Nasıl mı? Söz gelimi güneş kreminin kokusu bir anda yazı getirebilir veya
çocukken içtiği bir gazozun tadı insanı bir anda yirmi yıl geriye götürebilir. Ama
nedendir bilinmez, şarkılar biraz daha fazla büyülüdür. Belki tatlar gibi damakta değil de zamanın
içinde eriyip gittiklerinden, bu küçük zaman yolculuğu büyüsünde biraz daha
marifetlidirler şarkılar.
Maria da son
zamanlarda şarkıların bu büyüsünü biraz fazla kafaya takar olmuştu. Zaman zaman müzik dinlerken belli anların
veya zamanların şarkılarıyla karşılaştığında, içinde bulunduğu zamandan kopup
geçmişinde oradan oraya savrulduğu olurdu. Şarkıların bunu nasıl yaptıklarını
çok merak etmeye başlamıştı; çalışırken hatta uyurken bile bir yandan bunu
merak eder, düşünür olmuştu.
Şarkılarla
konuşmanın bir yolu olsaydı! Elbette ki şarkılar her daim onunla konuşuyordu;
ama dinlemeyi bilmiyorlar, Maria’nın onlara soru sormasına izin vermiyorlardı
işte. Onlarla konuşamadığından, Maria bu sırrı çözebilmek için bir şarkı günlüğü
yapmaya başladı. Hayatının belli dönemlerine yer eden şarkıların tümünü bir
araya getirdi, zamanlarına ve mevsimlerine göre sınıflandırıp sıraladı. Sürekli
bu şarkıları dinliyor, ortak noktalarını, nasıl olup da ona zamanda yolculuk
yaptırdıklarını çözmeye çalışıyordu.
Bu kadar çok kafa
yorduğundan mı, yoksa şarkıların işine biraz fazla burnunu sokup onları
kızdırdığından mı bilinmez, bir gün bu merakı Maria’nın ve hatta dünyanın
başını belaya soktu…
En sevdiği mevsim
yazdı Maria’nın. Tatlı bir yaz gecesinde, balkonda oturmuş, yine koskocaman bir
merakla büyülü şarkılarını dinliyordu. Ayaklarını balkonun demirlerine
dayamıştı, bir yandan uzaklardan gelen cırcır böceklerinin sesini duyuyor, bir
yandan da arada bir tatlı tatlı esen rüzgarın tadını çıkarıyordu. Sırada iki
sene öncesinin kışının şarkısı vardı.
Şarkı başladı.
Maria gözlerini kapadı, işte ufak ufak atıştıran karın altında yürürken, başını
yukarı kaldırıp da kırmızı gökyüzünü gördüğü o gecedeydi. Eldivenine konan kar
tanelerine bakıyor, şekillerini tam göremeden avucunda eriyip gidiyorlardı
taneler. Üşümüştü.
Gözlerini
açtığında üşümeye devam ediyordu. Gecenin tatlı esintisi yerini sert bir
rüzgara bırakmıştı, kadife siyah gökyüzünü ise bulutların örttüğünü fark etti. Müziği
kapatıp odasına gitti, üzerine bir battaniye örtünüp uyudu.
Ertesi sabah bir
yandan üşüdüğünden, bir yandan da etraftan gelen telaşlı seslere uyandı Maria. Başını
cama doğru çevirdiğinde ise her yerin bembeyaz karla örtülü olduğunu fark etti!

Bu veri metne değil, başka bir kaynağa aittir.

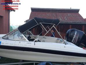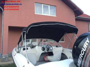 Husa de mars,se poate folosi si ca bimini-top,,parasolar daca se desfac geamurile laterale,care sunt prinse cu fermoare de partea superioara,si cu capse de chila barci.

Hayır, bunlar onun gördüğü bir rüyadan ibaret değildi, tüm dünyada mevsimler
bir anda tersine dönmüştü. Maria’yı uyandıran gürültü de işte bunu gören
insanların korkuyla, şaşkınlıkla oradan oraya koşuşturmalarının gürültüsüydü.
Aradan günler
geçti. Çat kapı gelen kış gitmedi. Şarkı Maria’nın diline dolanmıştı. Başka
şarkılar dinleyip unutmaya çalışsa da geri planda hep iki sene öncesinin
kışının şarkısı çalıyordu. Kimi zaman biraz daha silik, daha kısık sesli
çalıyor ve böyle zamanlarda kar duruyor, güneş hafifçe yüzünü gösteriyordu.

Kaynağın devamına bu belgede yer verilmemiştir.